*Dataset*:
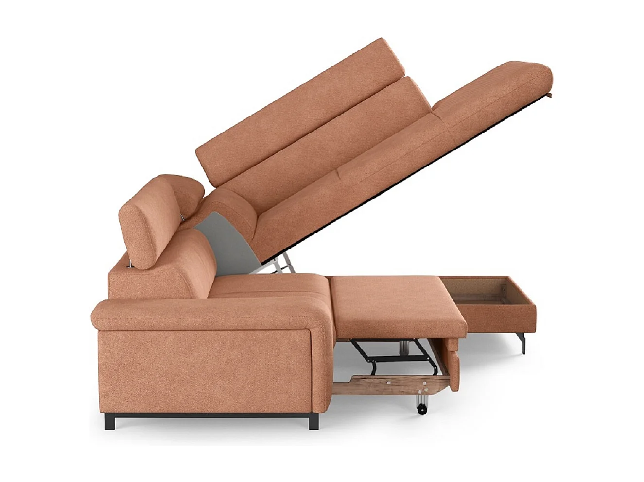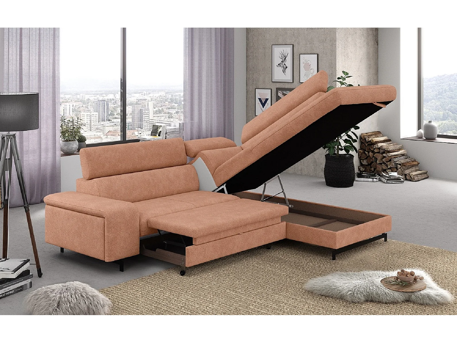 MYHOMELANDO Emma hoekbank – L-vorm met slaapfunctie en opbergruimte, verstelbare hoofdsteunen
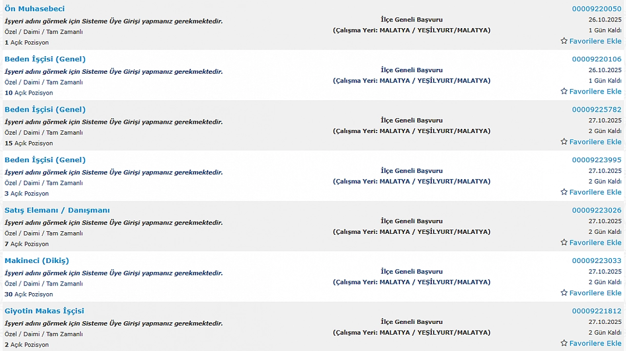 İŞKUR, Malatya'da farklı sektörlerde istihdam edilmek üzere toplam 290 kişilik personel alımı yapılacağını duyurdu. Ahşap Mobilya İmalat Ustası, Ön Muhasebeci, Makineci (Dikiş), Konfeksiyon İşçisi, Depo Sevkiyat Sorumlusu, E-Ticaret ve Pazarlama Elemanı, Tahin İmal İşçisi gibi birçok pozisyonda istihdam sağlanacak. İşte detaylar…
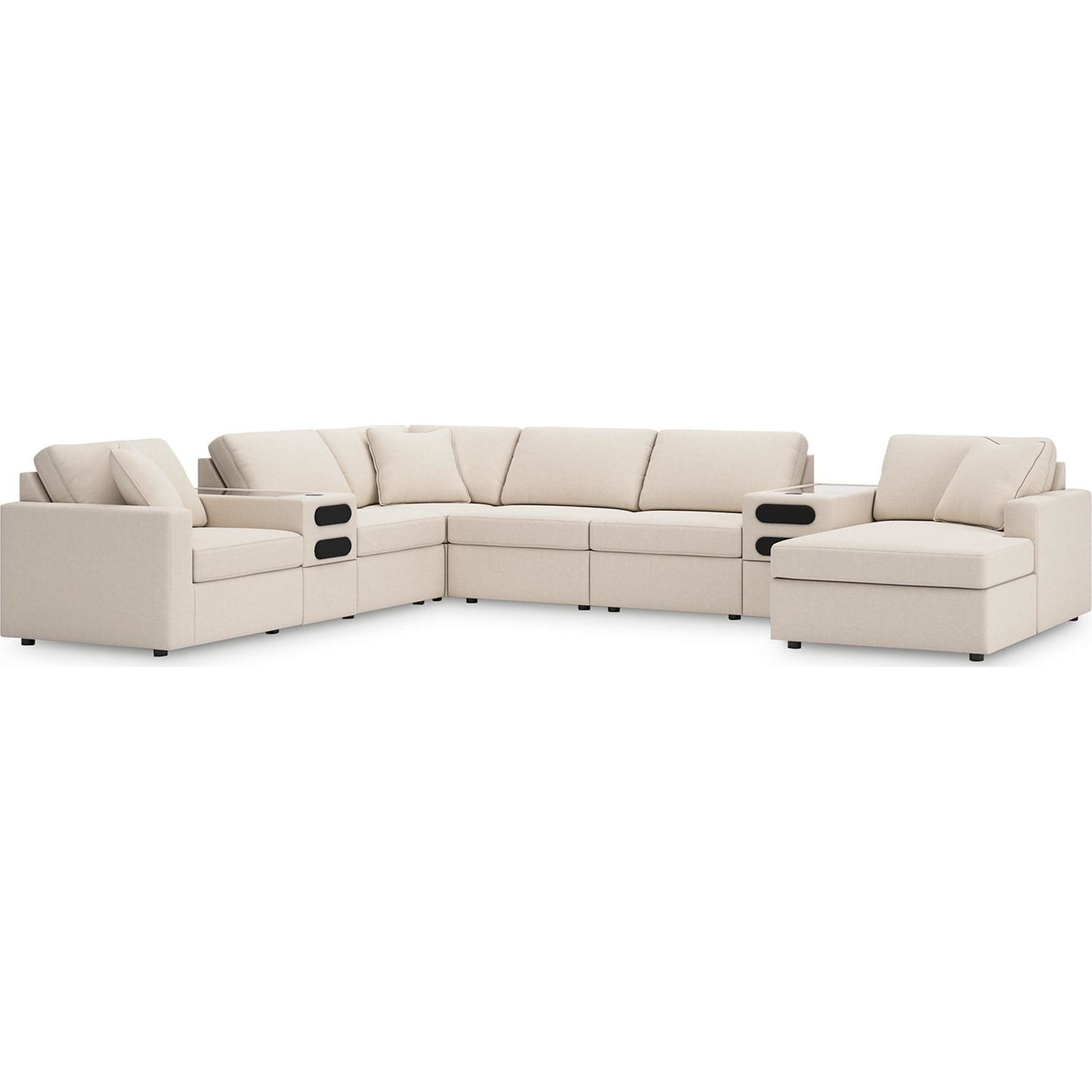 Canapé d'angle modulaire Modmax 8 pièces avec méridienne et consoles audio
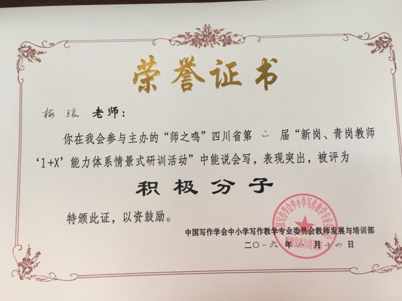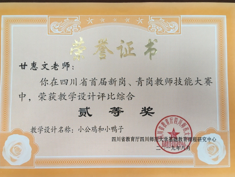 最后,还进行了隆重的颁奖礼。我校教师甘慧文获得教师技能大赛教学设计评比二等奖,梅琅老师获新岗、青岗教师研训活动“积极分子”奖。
--
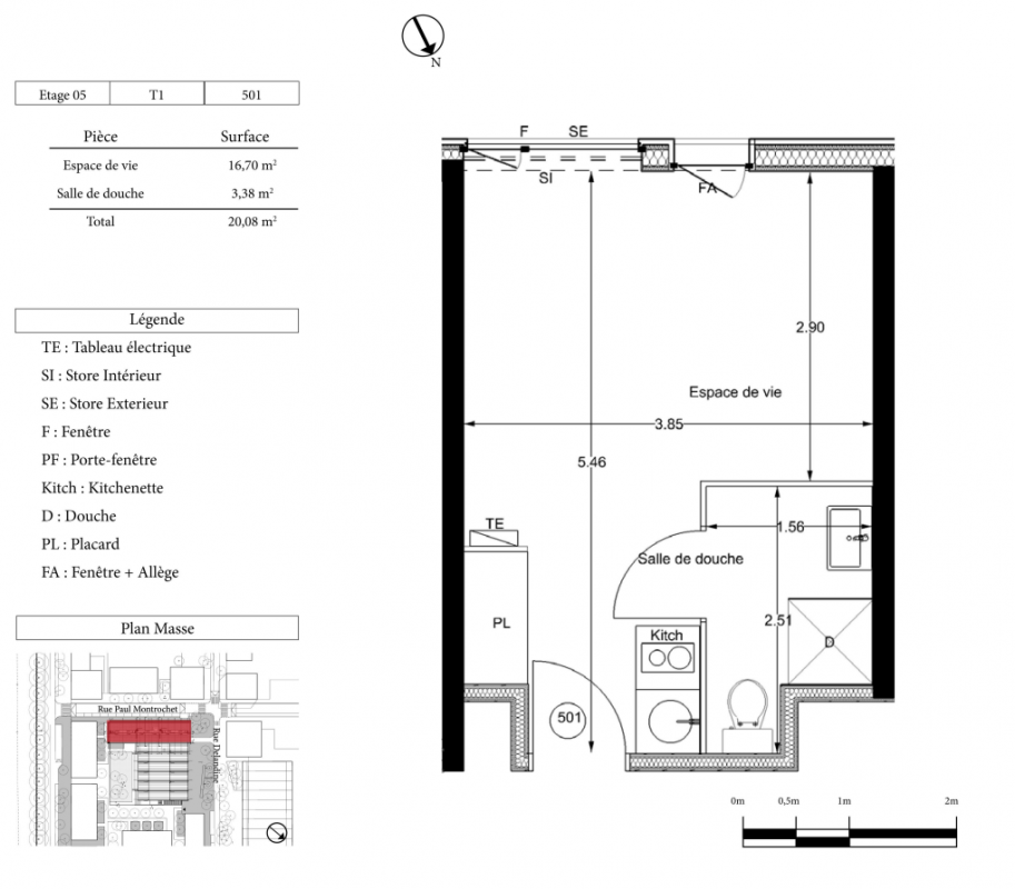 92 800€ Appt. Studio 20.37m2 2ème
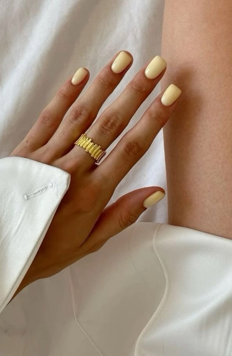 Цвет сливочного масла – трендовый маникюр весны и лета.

*Required action*:
Above are the records; copy from them only the lines starting at the one containing "92 800€ Appt. Studio 20.37m2 2ème" and ending at the one containing "Цвет сливочного масла", exactly and without pictures.

*Answer space*:
 92 800€ Appt. Studio 20.37m2 2ème
 Цвет сливочного масла – трендовый маникюр весны и лета.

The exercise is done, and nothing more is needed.